The authors looked at 662 drugs approved between 1979 and 2002, a period that included the passage of the Prescription Drug User Fee Act that allowed drug companies to help fund the FDA budget in exchange for faster reviews. They found that the resulting modest gains in drug review times have produced unambiguous public benefits.
In monetary terms, the authors estimate that the law improved consumer welfare by as much as $19 billion. But more importantly, they found that more rapid access to beneficial drugs saved between 180,000 and 310,000 "life-years." By contrast, assuming that every risky drug withdrawn in that period was the fault of the Prescription Drug User Fee Act produces an upper-bound estimate of only 56,000 life-years lost.

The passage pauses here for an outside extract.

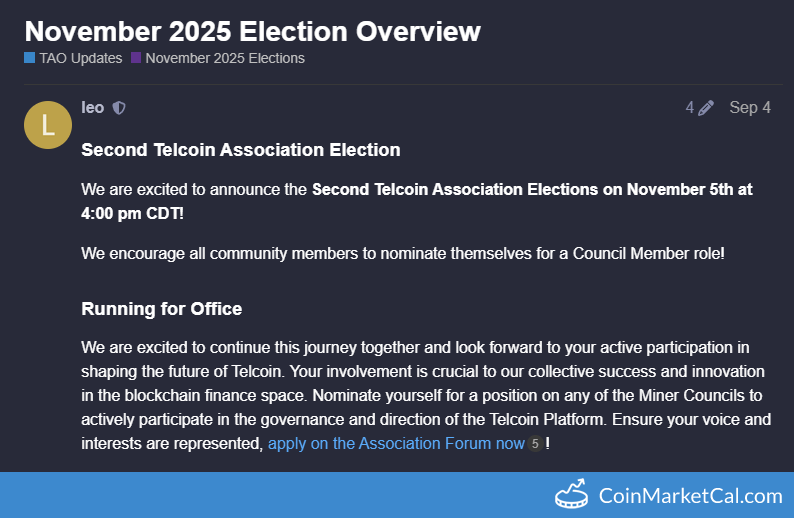 | 05.11.2025 | Association Elections | Other | TEL : Telcoin | ![]() | Detay |

This study deserves a lot more attention than it's been getting, since the Washington debate is dominated by bad ideas about how to make FDA regulation much more onerous. In particular, a recent report from the National Academy of Science's Institute of Medicine (IOM) is being spun as evidence that the FDA is somehow "broken" and in need of fundamental reform.

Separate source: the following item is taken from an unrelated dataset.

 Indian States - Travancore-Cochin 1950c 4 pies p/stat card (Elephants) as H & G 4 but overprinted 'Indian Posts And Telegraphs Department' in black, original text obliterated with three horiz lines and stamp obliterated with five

We've looked at the IOM report in detail, and it's hardly as damning of the FDA as media reports suggest. For example, the report explicitly rejects the idea that high-profile drug withdrawals -- such as Vioxx -- "represent de facto failures of the drug safety regulatory system. . . This is not so." The IOM also rejects the basic idea behind legislation sponsored by Senators Chuck Grassley and Chris Dodd that the FDA should have a drug safety office separate from the office that approves drugs in the first place: "Risk and benefit cannot be considered in isolation from one another."
But despite these sensible observations, the IOM still wants more regulation. Among its recommendations are vastly increased levels of post-approval safety monitoring. That might make sense if the goal is making regulators comfortable with the idea of approving drugs more quickly. But that doesn't appear to be what the IOM and its cheering section want.

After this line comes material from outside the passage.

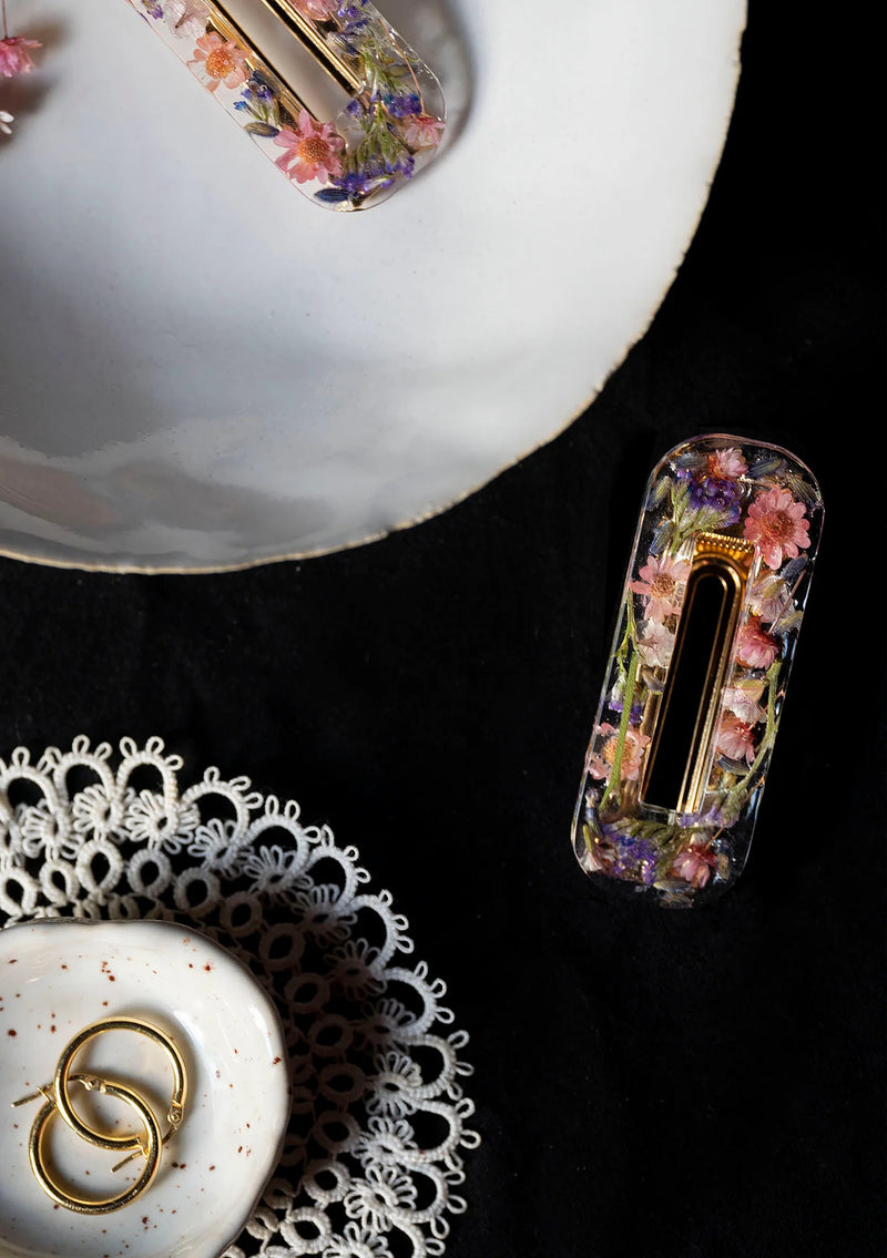 Ylellinen hiuspinni aidoista kukista. Jokainen pinni on ulkonäöltään ainutlaatuinen, sillä pinnin kukat ja terälehdet asetellaan tekovaiheessa tuotteeseen yksitellen. Kullanvärinen alligaattoriklipsi pitää hiukset tukevasti paikoillaan liukumatta. Pinnit valmistetaan huolella pientuotantona Keski-Suomessa.

The IOM also proposes draconian restrictions on new-drug advertising and tighter conflict-of-interest standards for FDA advisory panel members. This despite the fact that the most qualified scientists and doctors have substantial sources of private income, and despite a study by the Naderite Public Citizen group that failed to find one instance of a panel recommendation that would have changed if allegedly conflicted members had been excluded.
Most fundamentally, the IOM presents little evidence that there is even a problem to remedy. By contrast, the National Bureau authors at least attempt to put some real facts on the table. They note that the absence of other attempts at hard, quantitative analysis in the great FDA debate is "somewhat paradoxical, since despite the agency's strict adherence to evidence-based evaluation of products overseen, there is less evidence on its own safety and efficacy. Put differently, no product application would pass the FDA approval process with the quality and type of evidence that currently exists for evaluating the FDA policies themselves."
The upshot of the economists' report is that the 1992 Prescription Drug User Fee Act deserves reauthorization. But the evidence also suggests Congress should probably be looking for other ways to make FDA approvals still faster. Despite the high-profile Vioxx panic, the FDA is far more likely to kill by depriving you of a drug than allowing you to take a dangerous one.